Investors: Raised a total of ~$270 million. Most recently Series E round of $125 Million led by Warburg Pincus with participation from existing investor SoftBank Vision Fund 2. Other investors include Cisco Investments, Eight Roads Ventures (A division of Fidelity Investments), Dragoneer Investments, Peak XV Partners, and Stellaris Venture Partners.
- With over 45% YoY sustainable annual recurring revenue (ARR) growth, Whatfix is among the “Top 50 Indian Software Companies” as per G2 Best Software Awards.
- Recognized as a “Leader” in the digital adoption platforms (DAP) category for the past 4+ years by leading analyst firms like Gartner, Forrester, IDC, and Everest Group.
- The only vendor recognized as a Customers’ Choice in the 2024 Gartner® Voice of the Customer for Digital Adoption Platforms has once again earned the Customers’ Choice distinction in 2025. We also boast a star rating of 4.6 on G2 Crowd, 4.5 on Gartner Peer Insights, and a high CSAT of 99.8%
- Highest-Ranking DAP on 2023 Deloitte Technology Fast 500™ North America for Fourth Consecutive Year
- Won the Silver for Stevie's Employer of the Year 2023 – Computer Software category and also recognized as Great Place to Work 2022-2023
- Only DAP to be among the top 35% companies worldwide in sustainability excellence with EcoVadis Bronze Medal
- On the G2 peer review platform, Whatfix has received 77 Leader badges across all market segments, including Small, Medium, and Enterprise, in 2024, among numerous other industry recognitions.
Position Overview: We are looking for a highly skilled and experienced Senior Software Engineer (E5) to join our Site Reliability Engineering team who can take end‑to‑end ownership of large, business‑critical features. You’ll design, build, ship, and operate reliable, scalable services; break complex work into actionable tasks for yourself and other engineers; set the technical bar through thoughtful design and rigorous reviews; and mentor teammates while partnering with product, platform, and customer‑facing groups to keep our systems fast, observable, and always‑on.
Responsibilities:
Scope & Impact:
This role is critical to enhancing the reliability, availability, and overall resilience of Whatfix’s software products. The role will own these Non Functional Areas and build automated mechanisms to target gaps in these areas. These automated mechanisms should be scalable to an extent where other Engineering Teams can build their own pipelines to ensure reliability for their owned services. The role should be able to build a framework which can democratize the approach to enhance observability, recoverability and self healing capabilities of the products in Whatfix EcoSystem. This should also provide visibility to other engineering systems on the performance of their microservices.
Ownership:
- Designs and ships scalable platform code that bakes‑in reliability, fault‑tolerance and self‑healing for all Whatfix products
- Owns, designs and develops frameworks (eliminate or significantly reduce manual efforts, e.g., through self-healing and auto-scaling systems, and platformization), processes and architecture which enhances the Availability and Reliability of the System.

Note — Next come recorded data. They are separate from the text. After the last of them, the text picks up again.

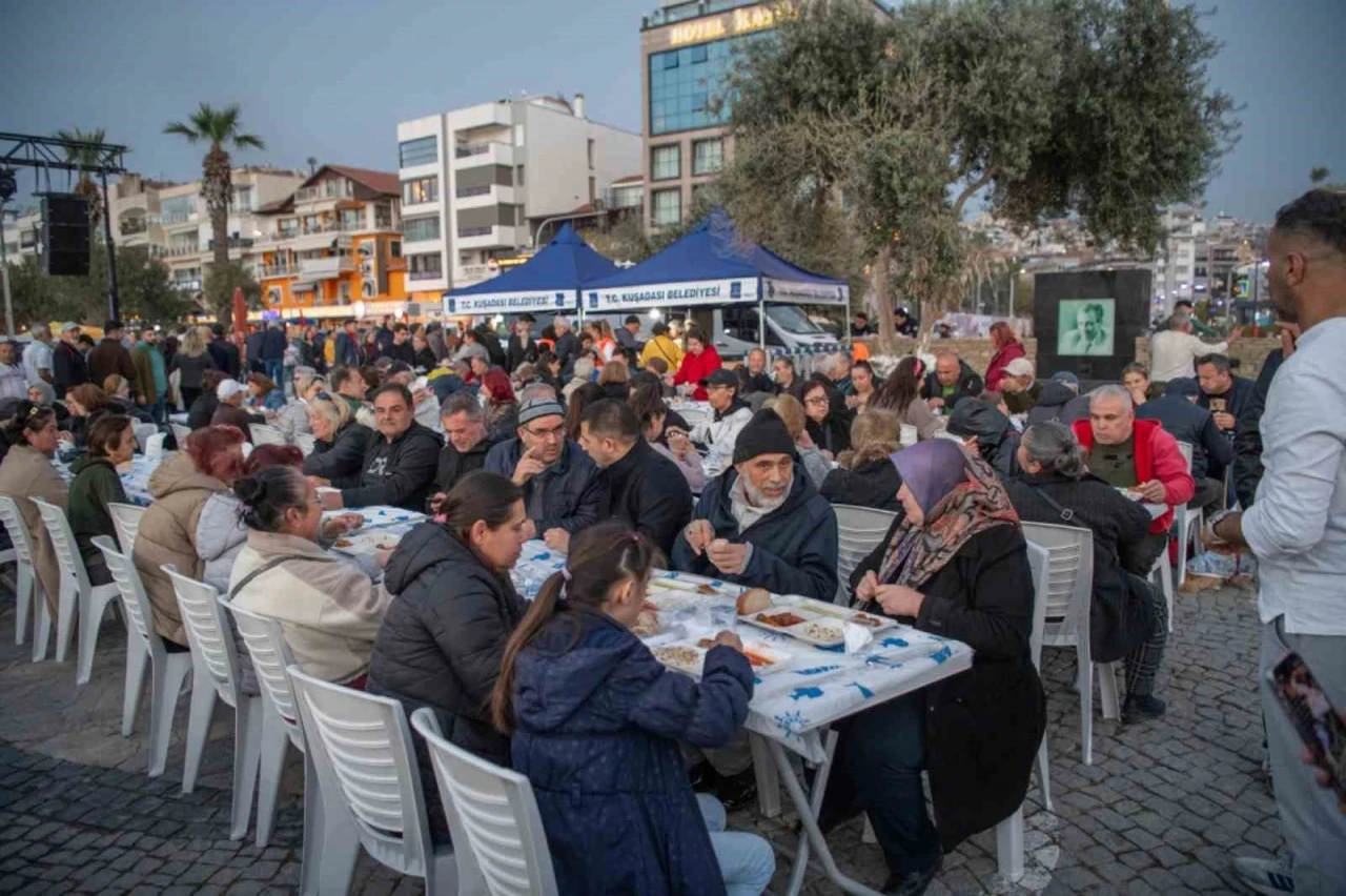 Kuşadası Belediyesi tarafından Kadir Gecesi’nde, 2 bin kişilik iftar sofrası kuruldu. Belediye Başkanı Ömer Günel’in de katıldığı iftar yemeğinde, oruçlarını dualar eşliğinde açan Kuşadalılar, Ramazan ayının manevi güzelliğini ve bereketini paylaştı. Kuşadası Belediyesi, Kadir Gecesi’ne özel iftar programı düzenledi. İsmail Cem Dostluk ve Barış Meydanı’nda verilen iftar yemeğine Başkan Ömer Günel, belediye başkan yardımcıları, belediye meclis üyeleri, CHP Kuşadası İlçe Örgütü Başkanı Mehmet Gürbilek ve çok sayıda Kuşadalı katıldı. Birlik ve beraberlik ruhunun can bulduğu iftar sofrasında, Başkan Ömer Günel oruçlarını açmayı bekleyen hemşehrilerine yemek ikramında bulundu. Daha sonra Kuşadalılarla tek tek ilgilenen Başkan Ömer Günel, Ramazan ayını huzur ve sağlık içerisinde geçirmelerini diledi. İftar yemeği boyunca Tasavvuf müziği konseri ve Semazen gösterisi sergilendi. Ramazan ayında hoşgörü, yardımlaşma, dayanışma ve paylaşma duygularının pekiştiğini belirten Başkan Ömer Günel, "Bin aydan daha hayırlı olan bu çok özel gecede siz kıymetli hemşehrilerimle aynı sofrayı paylaşmaktan mutluluk duyuyorum. Tüm Kuşadalıların Kadir Gecesi mübarek olsun" diye konuştu.
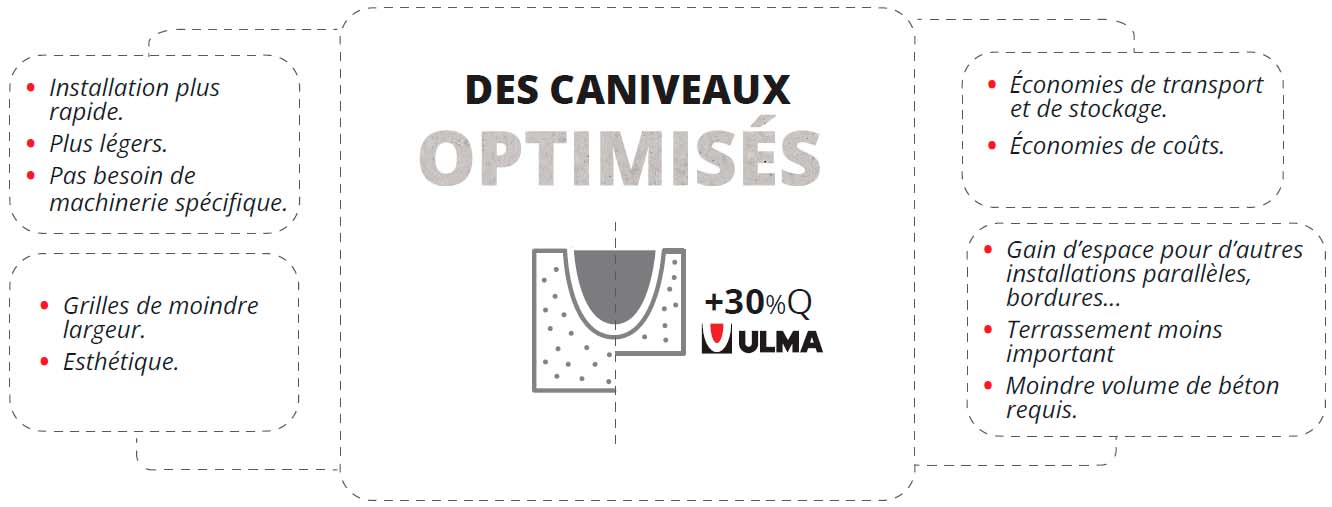 Par rapport aux systèmes traditionnels coulés sur place, les caniveaux béton polymère ULMA sont plus résistants, plus légers, et plus faciles à manipuler. Leur conception limite les risques de casse ou de désalignement dans le temps.
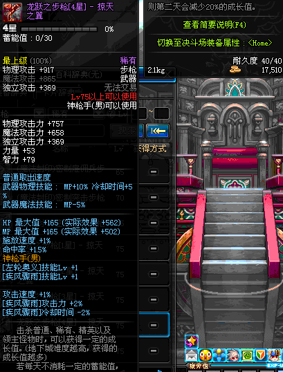 | 75 | 龙跃之步枪[4星] – 掠天之翼 | *完成二次觉醒任务后可以从NPC小铁柱处获得此道具。 | ||

- Provides as a first responder for critical software issues within the team’s domain.
- Prioritizes and takes ownership of unowned or complex tasks that enable the team to move faster.
- Ensure that customer issues are not just fixed but that effective long-term solutions are implemented to prevent recurrence.
Technical Execution:
- Own task breakdown from stories/features, ensuring each task is feasible within five days
- Detail out design documents for the features being worked on
- Implement well tested and documented code based on engineering standards and best practices
- Own and support the features owned by the team to ensure high availability and compliances
- Review designs and code written by peers as well as other teams from perspectives of testability, maintainability, reliability, security and cost.
- Work with other teams to enhance developer experience through the enhancement of developer tools, suggest and implement AI workflows in the area of observability, availability and reliability
- Demonstrate expertise in one or more technical areas and contribute to the overall technical direction of the team.
Skillset:
Observability and Alertability of Infrastructure:
The candidate should have proven experience in:
- Increasing the observability of Software Systems
- Managing Infrastructure in automated manner (utilizing automated pipelines for CI/CD and frameworks for IaaC)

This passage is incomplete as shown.